The primary weapon used against KP is the “testimony” given by Dr. Velauthapillai Arudkumar from Britain after the trip to Sri Lanka. Arudkumar reportedly flew to Oslo from Colombo and met with Nediyavan ,Jeyachandran and KP Regi ,former executive director of TRO before returning to London.


The “Tamilnet” which is a mouthpiece of the Nediyavan faction is using Arudkumar’s  account of the trip to demonstrate that KP is  in the custody of  Sri Lankan intelligence. Puerile attempts are being made to portray this fact as a new discovery. The pro–Nediyavan Tamil media is now blaming KP for the LTTE debacle. The truth is being distorted to make a scapegoat of KP.

Another member of the delegation , Charles Anthonydas also in London has set the record straight through some media interviews. It may be recalled that Charles represented the Tamil Eelam Liberation Organization (TELO) during the Thimphu talks of 1985. Apart from exposing the terminological inexactitudes and inaccuracies in Arudkumar’s allegations, Charles has also made a pertinent point.

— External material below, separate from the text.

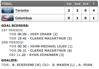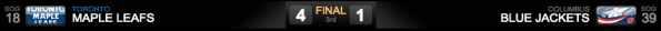O terceiro período ainda viu os Leafs também darem somente 4 chutes ao gol de York, mas Ben Scrivens defendeu todos os 14 chutes dos Blue Jackets, garantindo a vitória dos Leafs.

He says that everyone in the delegation knew very well that KP had been captured by the Sri Lankan government and that he was in their custody. Therefore it was nothing new to find KP in the hands of the military intelligence. The purpose of the visit was not to discover an already known fact. Charles says that the objective of the visit was to explore possibilities of creating a “space” through which the Diaspora could help the Tamils there. This could only be done through the good offices of the Colombo government.

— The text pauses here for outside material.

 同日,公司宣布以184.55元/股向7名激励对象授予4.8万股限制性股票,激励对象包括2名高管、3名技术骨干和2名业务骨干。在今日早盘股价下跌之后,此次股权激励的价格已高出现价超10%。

The campaign against KP by the “Tamilnet” and its allies suggests that the Nediyavan faction is jittery about the outcome of KP’s efforts. If KP succeeds in getting enough aid from the Diaspora and utilize it to help the affected Tamils the thinking of the Diaspora could be radically transformed. Instead of continuing on a confrontational course the Diaspora could cooperate with the Colombo Govt and thereby enter a new phase in ethnic relations. This prospect is unpalatable to the Tamil hawks and hence the frantic attempt to denigrate KP and pre-empt such a move.

In such a situation  where the anti-KP faction is hell bent on vilifying him as a traitor it remains to be seen whether Pathmanathan would be able to convince influential sections of the Diaspora into supporting his venture. For KP to succeed he should be able to demonstrate that funds generated from the Diaspora are utilized transparently and efficiently for the betterment of  the affected people  in the North – East.